Task to carry out: Take the lines below from the one with "原色の羊のウールをそのまま使" through the one with "Sân bay Long Thành rộng" and retype them exactly. Include nothing else, and no pictures.

[Extracted records]
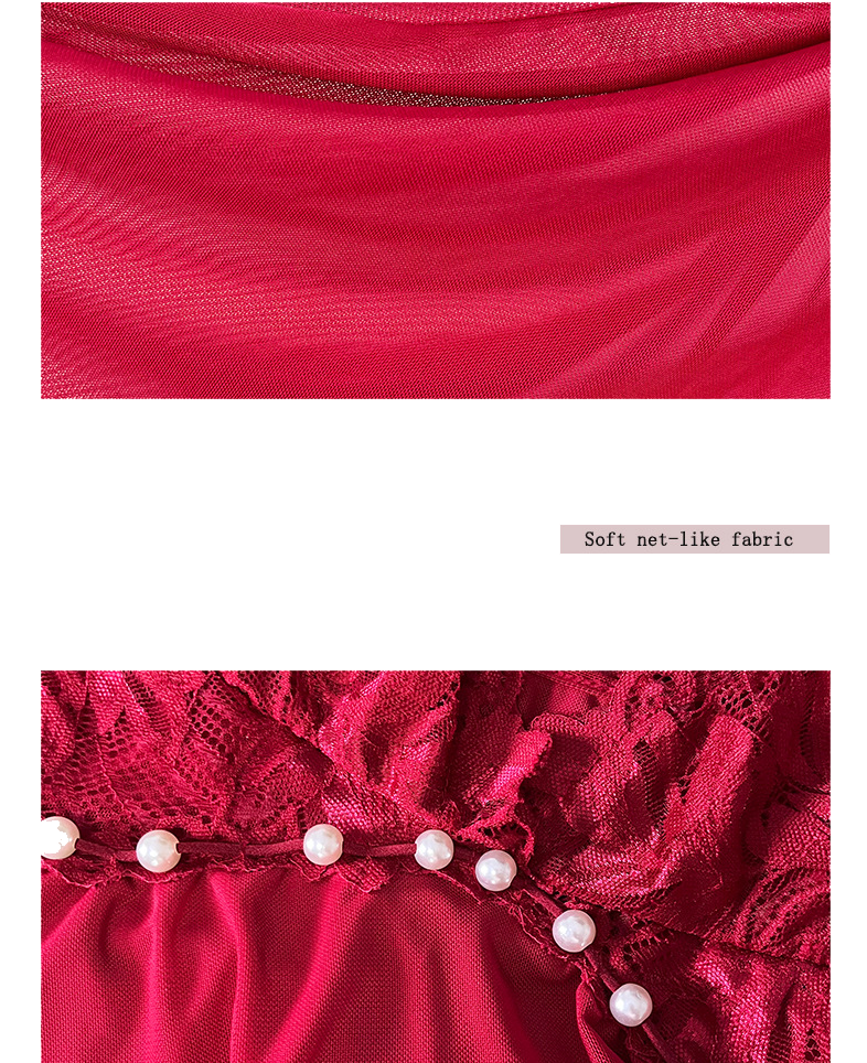 Women Sexy Lingerie Lace Dress Thong Set Underwear Babydoll Teddy Sleepwear Pearl Pajamas BLACK WHITE RED
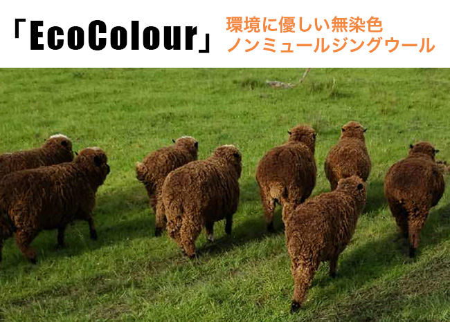 原色の羊のウールをそのまま使う“ナチュラルカラード”を採用しています。化学染料を使っていないので、二酸化炭素の排出・水資源の使用を軽減でき、環境負荷に配慮しています。
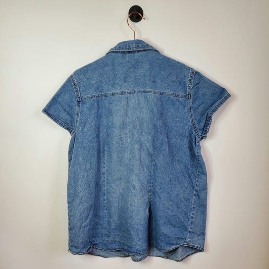 Y2K Maternity Cap Sleeve Denim Blouse | Size 14
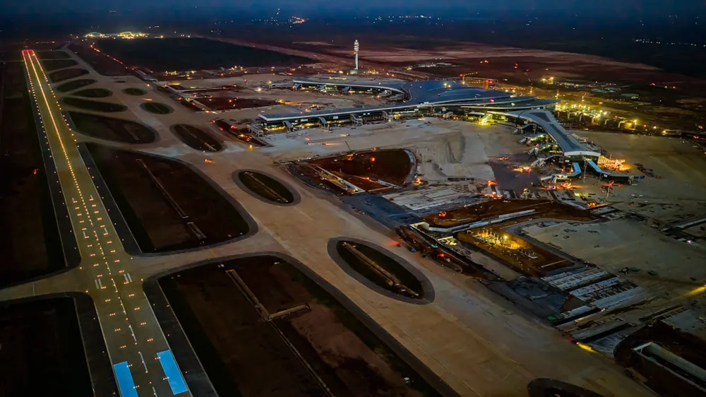 Sân bay Long Thành rộng khoảng 5.000 ha, giai đoạn một rộng 1.810 ha, khởi công ngày đầu năm 2021, công suất thiết kế 25 triệu hành khách và 1,2 triệu tấn hàng hóa mỗi năm. Theo dự kiến ngày 19-12, sân bay Long Thành sẽ có chuyến bay kỹ thuật đầu tiên và khai thác thương mại giữa năm 2026.
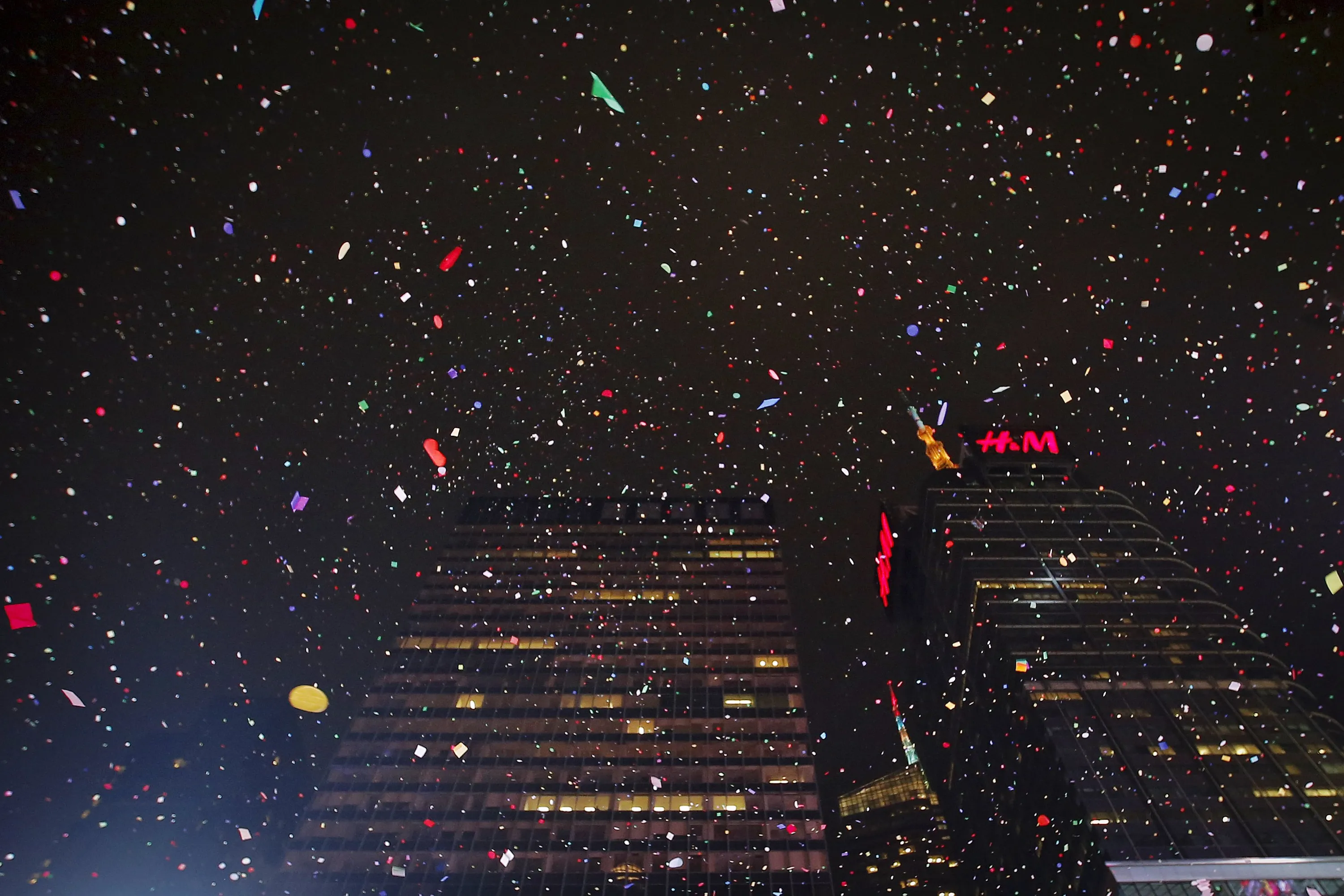 Confetti falls from the sky during New Year celebrations in Times Square in the Manhattan borough of New York, January 1, 2016. (Photo by Carlo Allegri/Reuters)
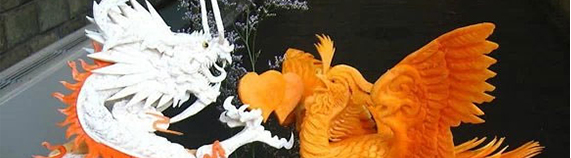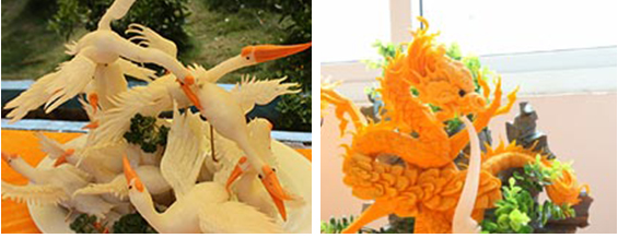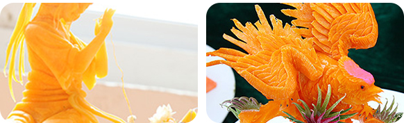 食品雕刻是用烹饪原料,雕刻成动物、人物、花卉等形态来美化菜肴、装点宴席的一种美术呈现。食品雕刻是我们美味菜肴中的一道风景线如果说美味佳肴是红花,那么它就是绿叶,食品雕刻能烘托宴席的气氛,增加人们的食欲,是美食的点缀。
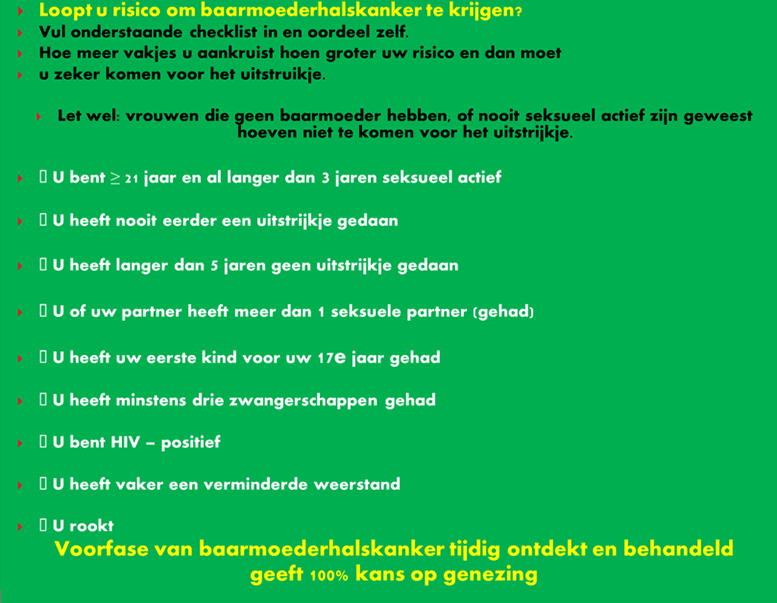 - Voorfase van baarmoederhalskanker tijdig ontdekt en behandelt, geeft kans op 100% genezing.
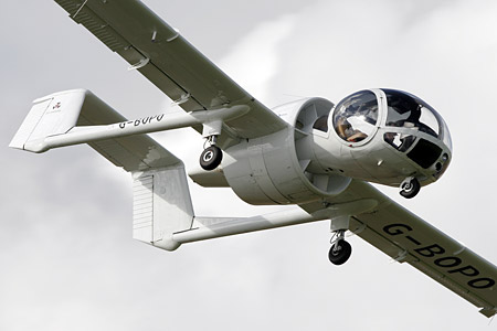 Gary Parsons reports on Sywell's 2008 Airshow, held on 24 August, which saw the return of an eighties' aviation dream. Pictures by the author John Edgley, the engineer who established the Optica project, the radical design concept for a slow-flying observation aircraft that was so far ahead of its time when launched in the early 1980s, has recently repurchased the design rights plus the jigs and tools needed for production, together with three aircraft, the first of which 021 (G-BOPO) is now flying and was the star of the show at Sywell. The Optica has an unusual configuration with a fully-glazed forward cabin seating three across, reminiscent of an Alouette helicopter. Behind it is situated a Lycoming flat-six engine powering a ducted fan, twin boom cantilever tailplane with twin rudders and a high-mounted single elevator. The wings are unswept and untapered, and the aircraft is of a fairly standard all-metal construction with stressed aluminium skin. Its distinctive appearance led to it being known as the 'bug-eye'.
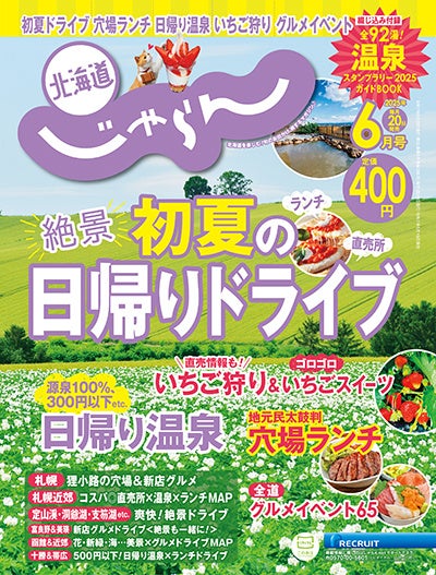 日帰り温泉&ランチお手軽ドライブ、花畑・展望台・雲海etc.初夏の絶景ドライブ、いいお湯!日帰り温泉45湯、地元民おすすめ!愛され穴場ランチ、いちご狩りドライブ&人気店の絶品いちごスイーツ、7月まで使える!【全道】グルメイベント65…など今月も旬の情報が満載です。ぜひご覧ください。
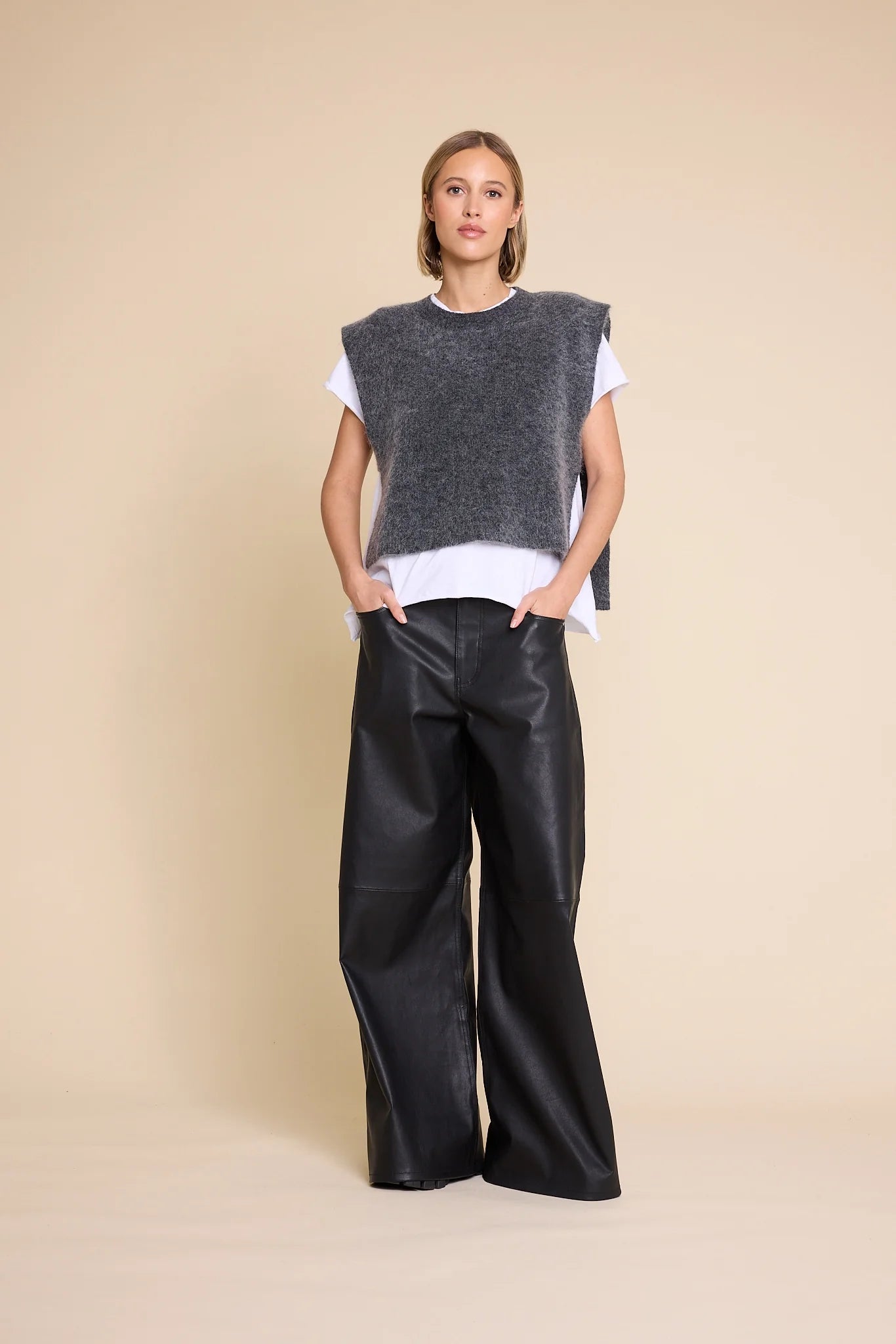 Vi introduserer Dog Vest – et av våre mest allsidige garderobe-essentials. Laget av en myk blanding av mohair og ull, med rund hals, hoftelengde foran og en litt lengre bakdel for en moderne og flatterende silhuett. Åpne sider med delikate knytebånd gir en raffinert detalj, perfekt for lag-på-lag på kjølige kvelder. Style den over favorittskjorten eller -blusen din for en uanstrengt, chic look.

Response:
 原色の羊のウールをそのまま使う“ナチュラルカラード”を採用しています。化学染料を使っていないので、二酸化炭素の排出・水資源の使用を軽減でき、環境負荷に配慮しています。
 Y2K Maternity Cap Sleeve Denim Blouse | Size 14
 Sân bay Long Thành rộng khoảng 5.000 ha, giai đoạn một rộng 1.810 ha, khởi công ngày đầu năm 2021, công suất thiết kế 25 triệu hành khách và 1,2 triệu tấn hàng hóa mỗi năm. Theo dự kiến ngày 19-12, sân bay Long Thành sẽ có chuyến bay kỹ thuật đầu tiên và khai thác thương mại giữa năm 2026.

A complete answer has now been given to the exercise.